> [DATA SHOWN]:
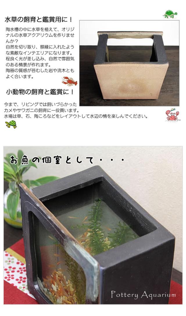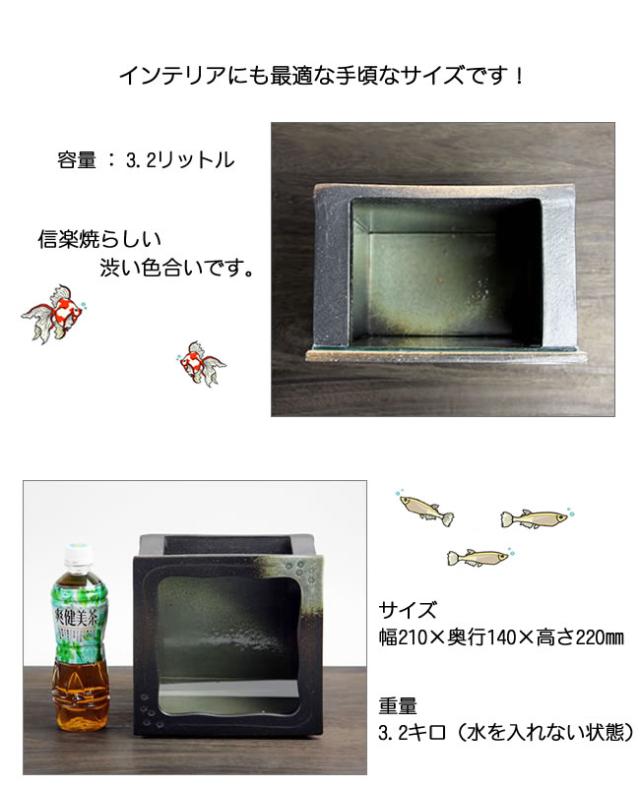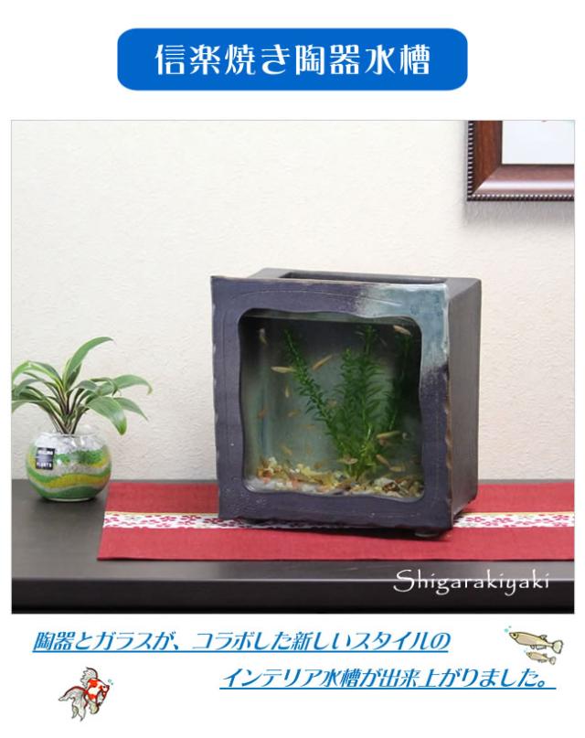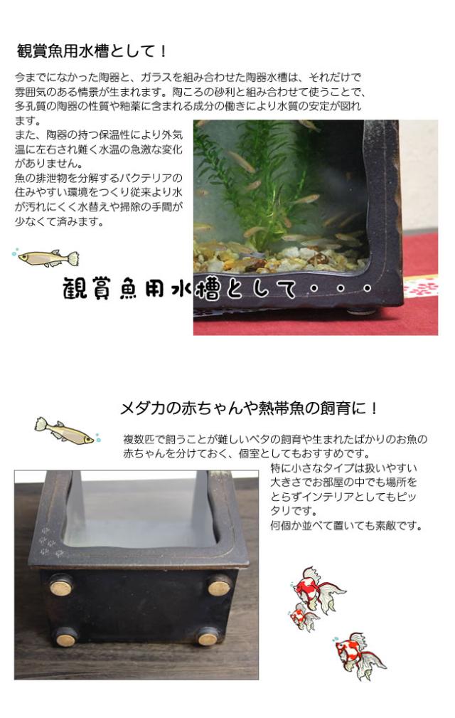 陶器 水槽 角型(茶色)水槽 とガラスがコラボ インテリア水槽 金魚鉢 メダカ鉢 陶信楽焼 おしゃれ 和風【手作り】
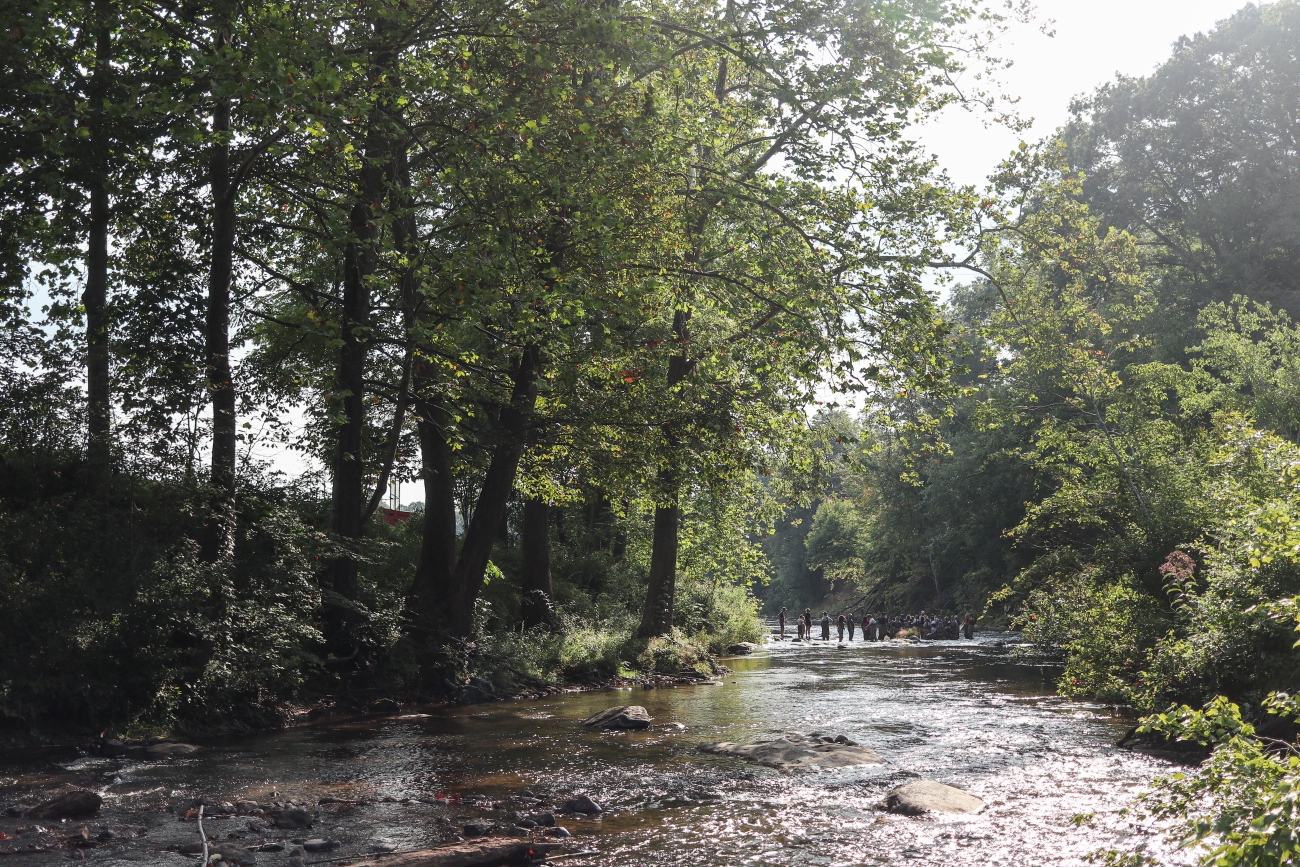 Students in the Pigeon River, North Carolina, prepare to collect fish as part of the 2023 Kids in the Creek educational event.
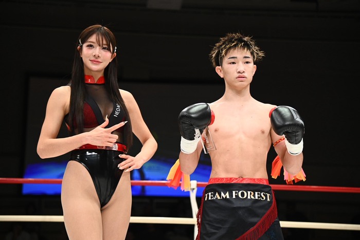 片山はマイクを持つと「片山魁強いでしょう。フライ級1位になってるんですけれど、バンタム級も盛り上がっていないと思うので、バンタム級王者の佐藤執斗選手、相手がいないと思うので年内にお願いします。海人選手が卒業して盛り上がりがないと思うので、シュートボクサーの片山魁が盛り上げます。強くなって帰ってきます」と、バンタム級王座挑戦をアピールした。
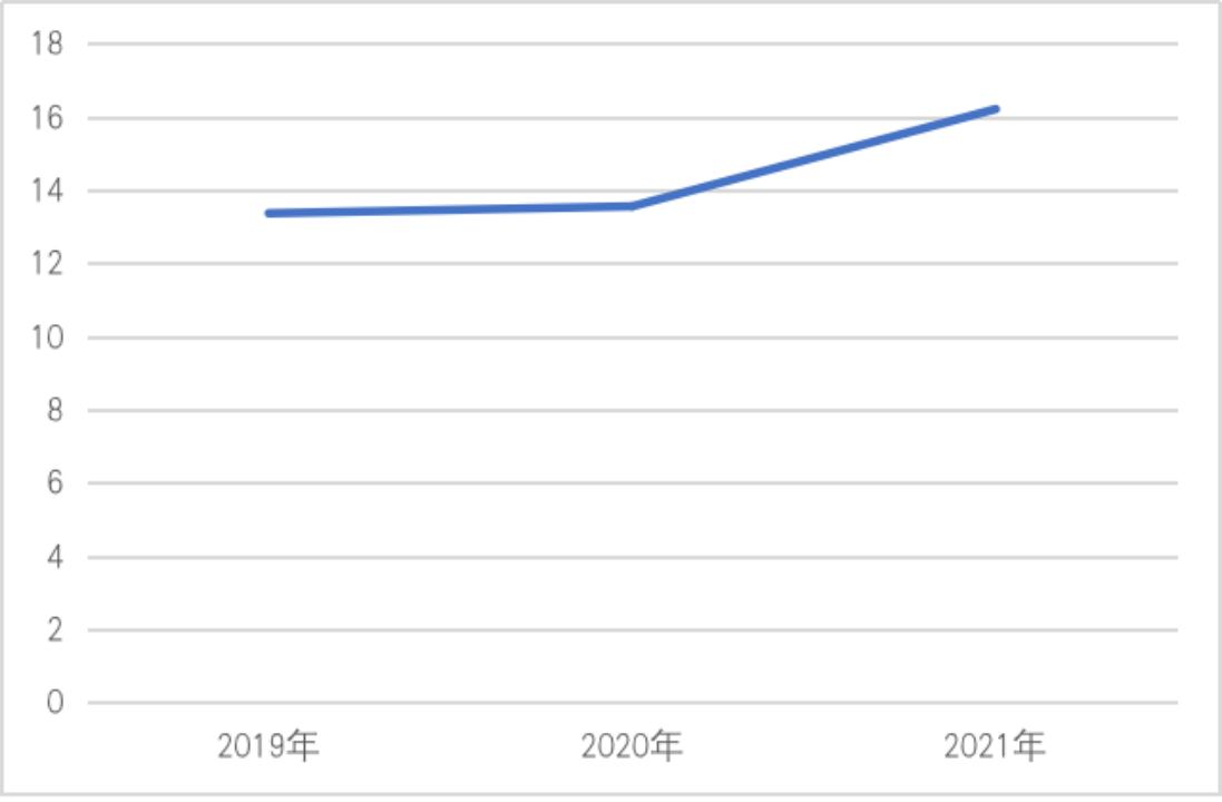 如图1所示,2019-2021年,上声电子总资产规模分别为13.37亿元、13.56亿元、16.22亿元,三年平均增长率为10.52%,企业总资产规模持续扩大。
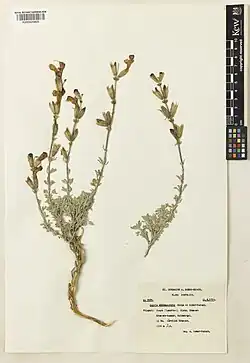 Salvia albimaculata (handsome sage) is a perennial shrub that is native to a very small region in Turkey, at 1200 m elevation in the Taurus Mountains. It is under 30 cm tall, and about 25–30 cm wide, with small greenish-gray evergreen leaves. The royal purple flowers, with a distinctive white patch on the lower lip, are about 2.5 cm long, in whorls of 2–5. The name, albimaculata, means 'spotted with white'.[1]
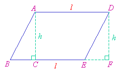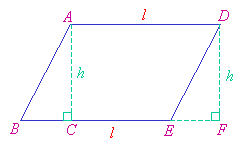 You may notice that lh is also the area of a rectangle with dimensions l and h. The diagram below will explain why. If we cut out the triangle ABC and add it to the other side (triangle DEF), you will have a rectangle with dimensions l and h that has the same area as the original parallelogram.
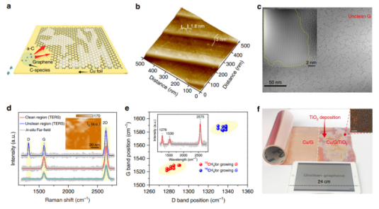 Figure 1. (a)石墨烯CVD生長期間,sp2鍵合石墨烯的形成與富缺陷的無定形碳(a-c)之間的競爭;(b)生長后在銅箔上新鮮制備的石墨烯的AFM圖像;(c)通常生長的石墨烯表面的TEM圖像;插圖:具有原子分辨率的干凈和受污染區(qū)域的HRTEM圖像;(d)使用Lorentzian線擬合分析不干凈石墨烯樣品中不干凈(藍(lán)線)和干凈(紅線)石墨烯區(qū)域的TERS光譜,以及同一區(qū)域(暗青色線)中石墨烯的原位遠(yuǎn)場拉曼光譜;插圖:平滑后D波段強(qiáng)度的TERS映射;(e)來自正常甲烷(藍(lán)色)和13C標(biāo)記甲烷(紅色)生長的石墨烯受污染區(qū)域的D和G帶位置的統(tǒng)計數(shù)據(jù);插圖:同位素標(biāo)記石墨烯的代表性TERS光譜;(f)TiO2可視化后的0.3 m×1-m大小的不清潔石墨烯的照片,iPad被用作尺寸參考;插圖:TiO2顆粒修飾的石墨烯表面的暗場光學(xué)顯微鏡(OM)圖像;比例尺:100μm。
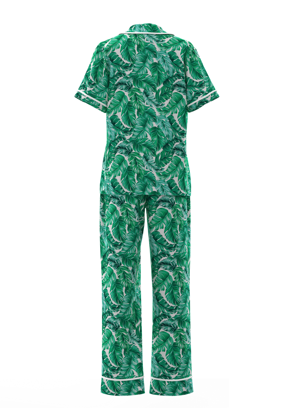 Sleep (and lounge) in style in this contemporary chic woven personalised pyjama set. This woven fabric set features contrasting piped detailing, matching buttons, a collared shirt, short sleeves, and ribbon-tied pants with one pocket.
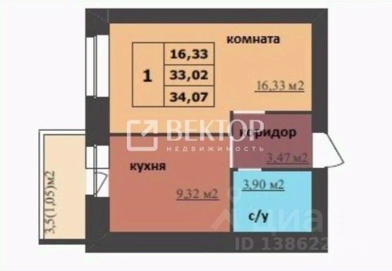 Представляем вашему вниманию уютную однокомнатную квартиру на вторичном рынке, которая станет отличным решением для комфортной жизни или выгодного вложения. Общая площадь в 33 кв. м грамотно распределена: просторная жилая зона составляет 16.1 кв. м, кухня - 9.5 кв. м.
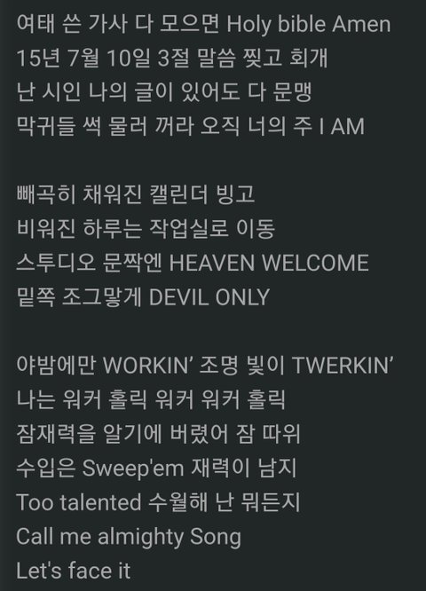 송민호 여혐 가사 공식적으로도 사과했고 노래 가사에도 넣어서 공연할 때마다 부르는 중임. 누구처럼 자기가 잘못해놓고 거짓말 하는 게 아니라 ㅇㅇ 암이들아 알겠냐??

> [TASK STATEMENT]: Beginning at the first line of the listing, print each line exactly until and including the one that has "如图1所示,2019-202"; skip pictures.

> [RESULT BELOW]:
 陶器 水槽 角型(茶色)水槽 とガラスがコラボ インテリア水槽 金魚鉢 メダカ鉢 陶信楽焼 おしゃれ 和風【手作り】
 Students in the Pigeon River, North Carolina, prepare to collect fish as part of the 2023 Kids in the Creek educational event.
 片山はマイクを持つと「片山魁強いでしょう。フライ級1位になってるんですけれど、バンタム級も盛り上がっていないと思うので、バンタム級王者の佐藤執斗選手、相手がいないと思うので年内にお願いします。海人選手が卒業して盛り上がりがないと思うので、シュートボクサーの片山魁が盛り上げます。強くなって帰ってきます」と、バンタム級王座挑戦をアピールした。
 如图1所示,2019-2021年,上声电子总资产规模分别为13.37亿元、13.56亿元、16.22亿元,三年平均增长率为10.52%,企业总资产规模持续扩大。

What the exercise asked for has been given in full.